Just verifying A single cluster with different databases. [database_name].[table_name] = {tenantId}.{topic_name}

kapopken commented 1 year ago

Yes it is a replicated cluster.

abhishekgahlot2 commented 9 months ago

@mzitnik is there a performance bottleneck if i patch the repo and connect to multiple databases for different topics but same clickhouse instance?

mzitnik commented 9 months ago

@abhishekgahlot2 There should not be a bottleneck. Why do need it? (for multi-tenet) If it's only a few of them I would recommend running several instances of connect.

abhishekgahlot2 commented 9 months ago

@mzitnik yeah i am thinking topics.regex should be fine for wildcard table but database could be in thousands so spinning up connectors could take time.

mzitnik commented 9 months ago

We need to think about the best way to implement it since we will also need to open many clients. What is the urgency for it?

abhishekgahlot2 commented 9 months ago

Actually we need it urgently for a usecase where customer database can have isolated events coming from multiple dynamic topics.
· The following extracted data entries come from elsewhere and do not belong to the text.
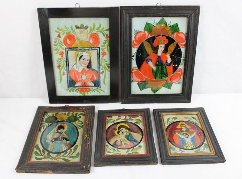 Hinterglasbilder Konvolut 5 St. 19/20 Jh.
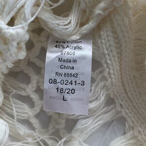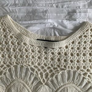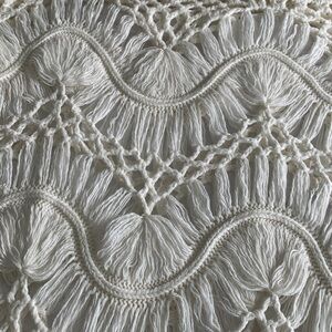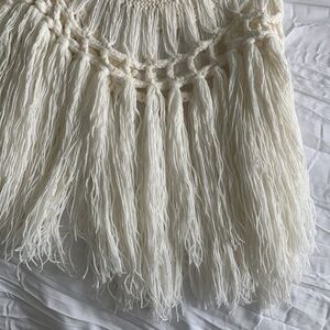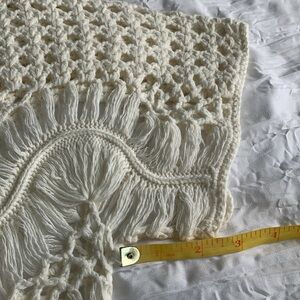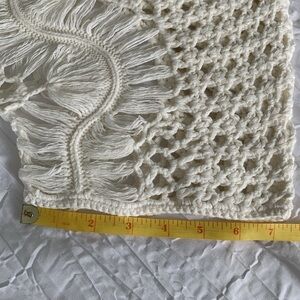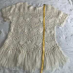This boho inspired sweater is beautiful! Delicate and detailed crochet pattern throughout and finished at the hem with fringe! The neutral off white/cream color makes it a versatile piece for your wardrobe! Wear in any season depending on what you choose to layer it with!
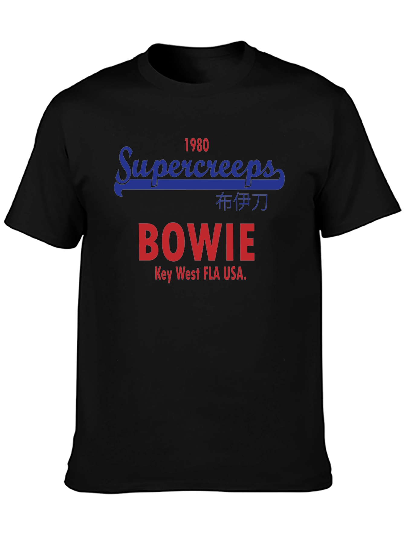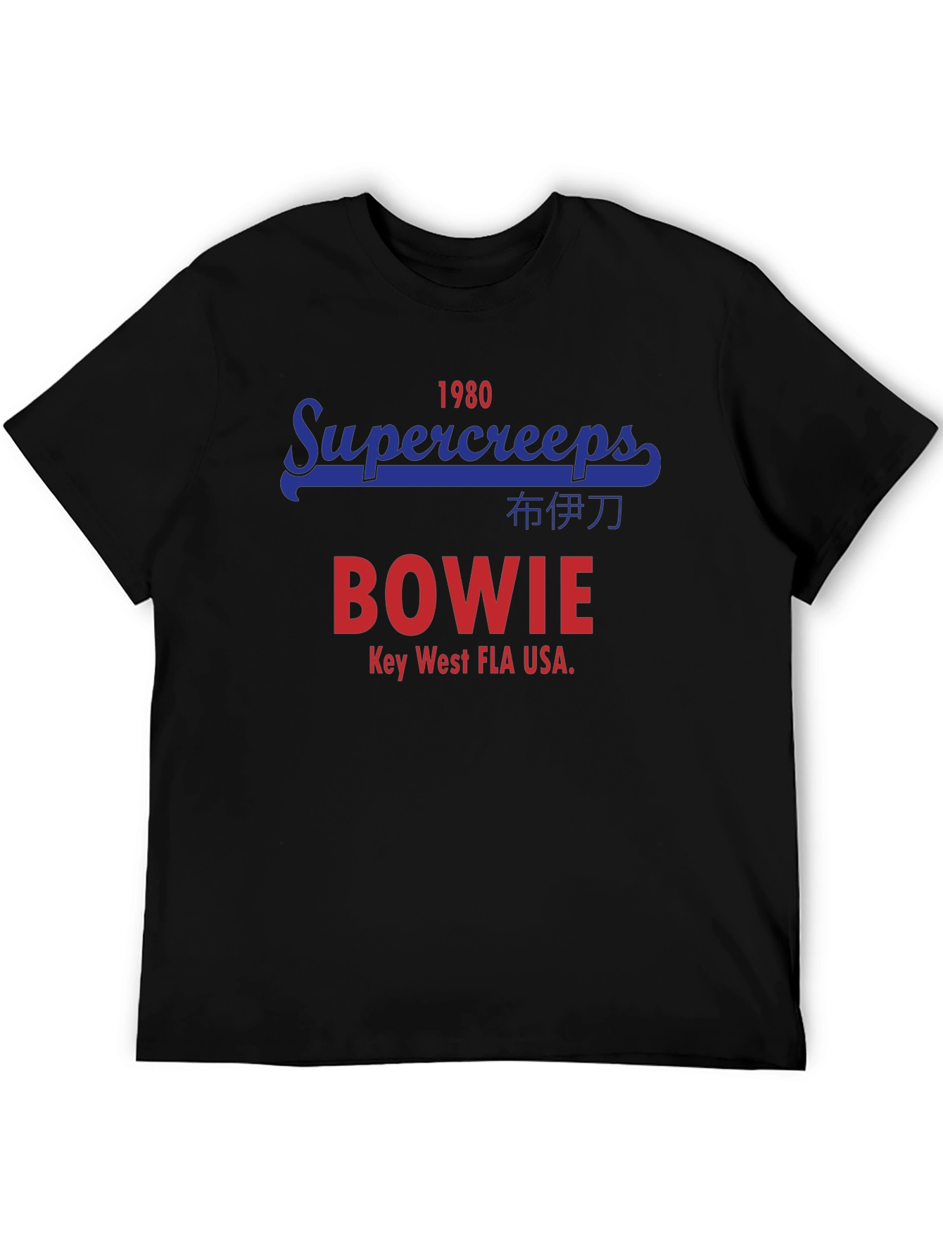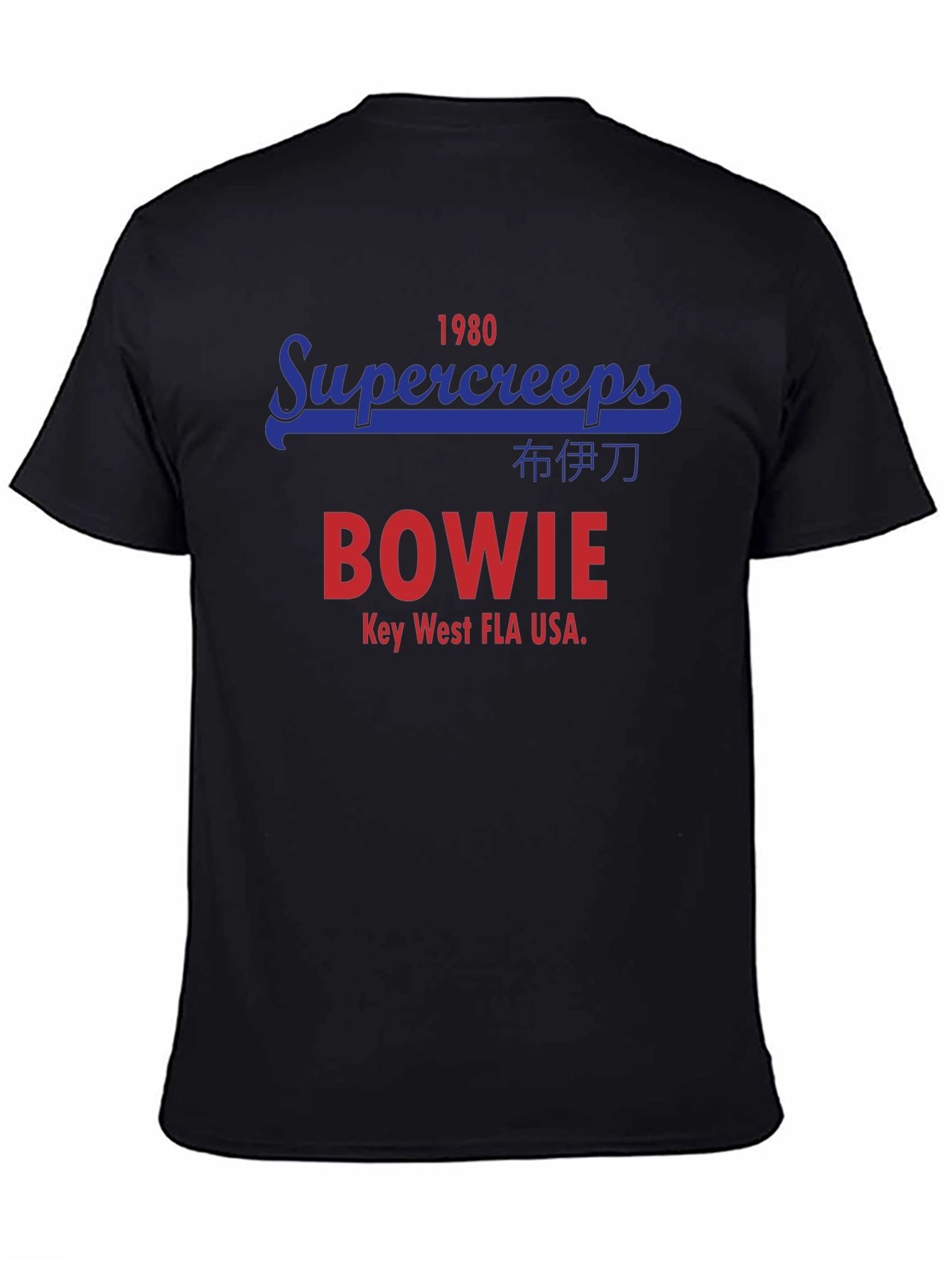 Rock a vintage vibe with this black t-shirt featuring a retro-inspired graphic design. The print includes "Supercreeps 1980" in a stylized font, along with the name "Bowie" in bold red letters, and the location "Key West FLA USA.". The design also incorporates some Japanese characters, adding an interesting international flair. This shirt is perfect for music lovers and fans of the era, and it's ideal for casual wear, concerts, or expressing your unique style. Soft, breathable, and stylish, this tee will become a wardrobe favorite.
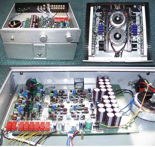 靓声同样以靓料为前提,我不苟同某君在电台上吹嘘自己代理的某品牌,只用普通便宜的零件就做出HI-END级的音响(曾在去年的花园酒店音展上拜会过它,可惜它只以陶街里的低价功放去掉音调后的音色示众,真是贻笑大方),在这套机里我除了大量采用发烧电阻外,还采用了全新ELNA高速电解做前级的电解阵,德国绿ERD,WIMA及蓝PH的小电容,原装ALPS蓝壳音量电位器,东芝音响专用低噪小功率管,A1358/C3421中功率管名管,十二对误差3%的C5200/A1943原装大功率管(挑这24只管时,足足把二十包共500只大功率管都排在了桌上),OPA2604运放两只,八个全新18000µ/75V日本化工电解,四个50A/1000V硅堆等等相对贵价的零件,这些零件不算是世界顶级的,而是根据它们的特性而选用。
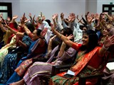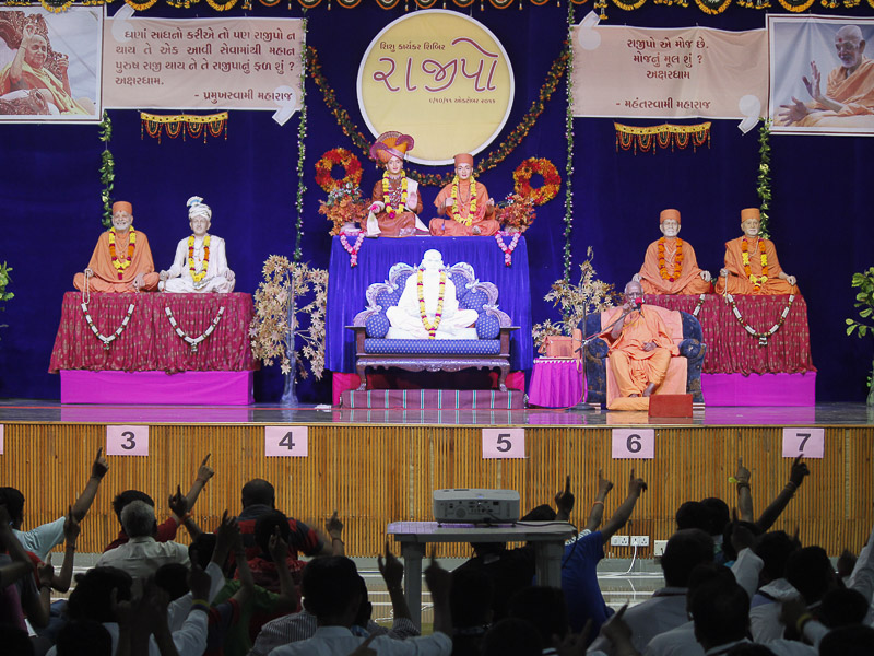 Param Pujya Mahant Swami Maharaj blessed the convention with a video message highlighting that rajipo is when God and guru are overjoyed. What is the value of their joy? Akshardham.
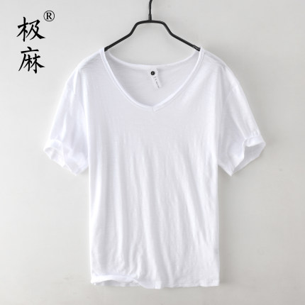 极麻V领基础休闲百搭竹节棉T恤男士日系宽松透气舒适青年纯棉汗衫

for now dynamic topic to table name mapping i am thinking is possible via topics.regex lets via topics.regex=customers_.*

and publish to customers-adam, or customer-abhi without explicitly specifying in connector config let me know if this is wrong.

For database connect in codebase i see most of the clickhouse db connection builder string uses database as a parameter i am wondering if for pushing data in the end not when verifying schema we can get it dynamically similarly like topics.regex too. wdyt?

however guide on building project locally to patch up the library would be really helpful

mzitnik commented 9 months ago

Can you provide a real example of the data and mapping? Do you have multiple topics, or the tenant should extracted from the event ?

abhishekgahlot2 commented 9 months ago

we have lambdas that will push to msk they will have information about customer and organization. so a payload might look like on high level

{
    "organization": "abc",
    "event_root": "monitor_logs",
    "data.a": string,
    "data.b": number,
    ....
}

From lambda i know which topic to insert into which is monitor_logs but organization abc will be the database in clickhouse that will preserve the events and we will also have acl and isolated events for each organization.

abhishekgahlot2 commented 9 months ago

Basically first two fields organization and event_root is defining the location of clickhouse destination which is database name and topic name.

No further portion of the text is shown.